Triple ACTs (TACTs) combine an existing ACT with a second partner drug that is slowly eliminated, to reduce the likelihood of incomplete parasite clearance and thus delay the spread of artemisinin resistance.6 Artemether–lumefantrine–amodiaquine is a TACT that has been proven safe, well tolerated, and efficacious for the treatment of uncomplicated Plasmodium falciparum malaria, including in areas with artemisinin and partner drug resistance.7,8 The effect of artemether–lumefantrine–amodiaquine on mature gametocytes and infectivity is unknown. Artesunate–amodiaquine is the first-line ACT for uncomplicated P falciparum malaria in many countries,9 but its efficacy in reducing transmission has not been directly tested.
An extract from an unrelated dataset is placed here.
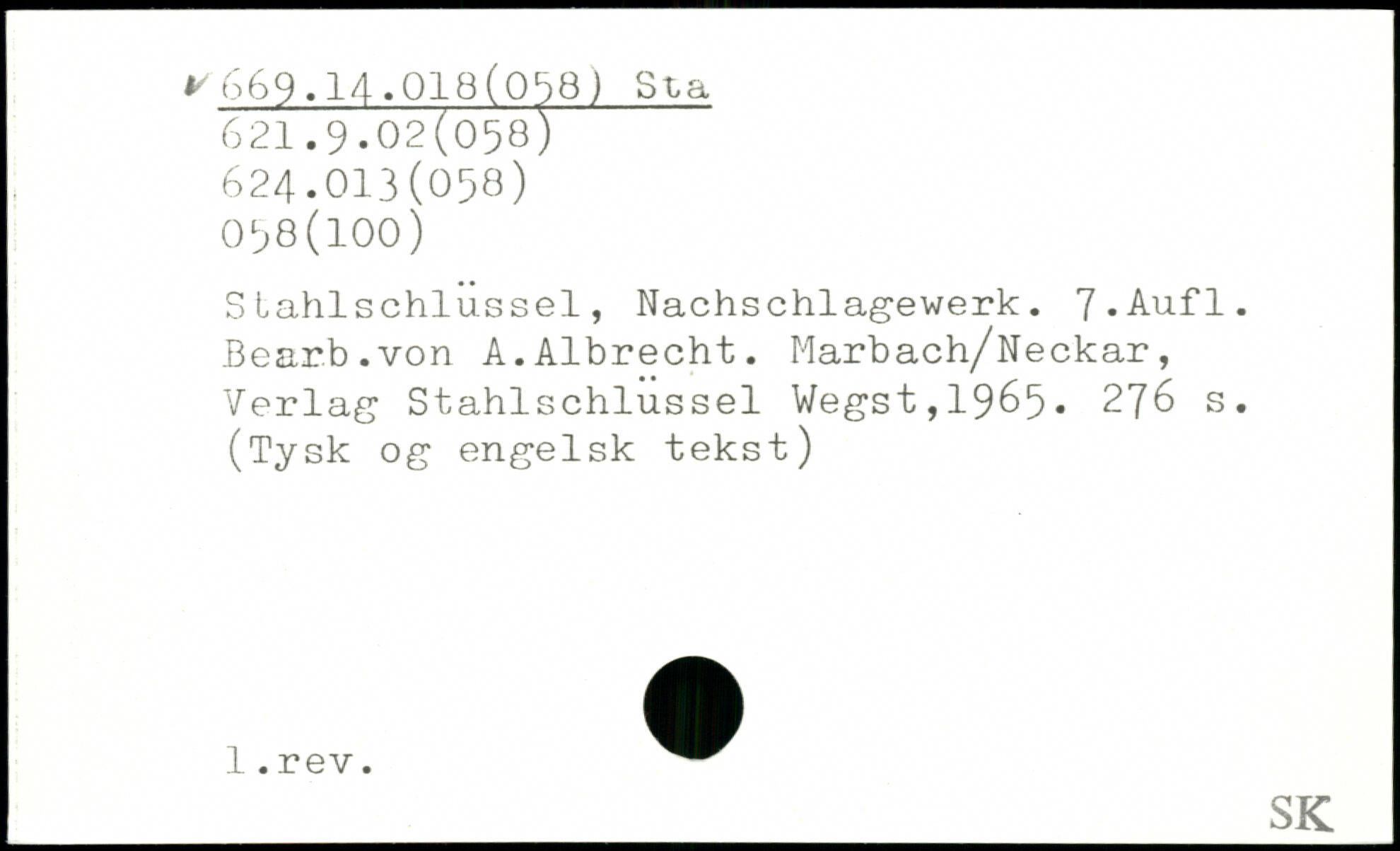 Stahlschlussei, Nachschlagewerk. 7-Aufl. Bearb.von A.Albrecht.

Studies assessing gametocyte carriage after artesunate–amodiaquine reported persistent gametocyte carriage after treatment for 21 days or more, but without transmission assays the infectivity of these persisting gametocytes cannot be confirmed.10, 11, 12
Although artemisinin-based treatments have superior gametocytocidal properties to non-artemisinin-based treatments,13 with artemether–lumefantrine being the most potent,14 the transmission-reducing activities of ACTs vary widely.14, 15, 16 By contrast, the 8-aminoquinoline primaquine is a potent gametocytocidal drug that, at a single low-dose (0·25 mg/kg), blocks transmission within 48 h of treatment. Since 2015, WHO recommends the addition of a single low-dose of primaquine to ACTs to reduce P falciparum transmission.17 The gametocytocidal and transmission-reducing activities of single low-dose primaquine have been assessed in combination with dihydroartemisinin–piperaquine, pyronaridine–artesunate, and artemether–lumefantrine,14, 15, 16,18,19; however, combining artemether–lumefantrine–amodiaquine or artesunate–amodiaquine with a single low-dose primaquine for P falciparum transmission reduction has not yet been tested.
In this study, we aimed to determine the safety and efficacy of artemether–lumefantrine–amodiaquine and artesunate–amodiaquine with and without single low-dose primaquine for reducing the transmission of P falciparum gametocytes.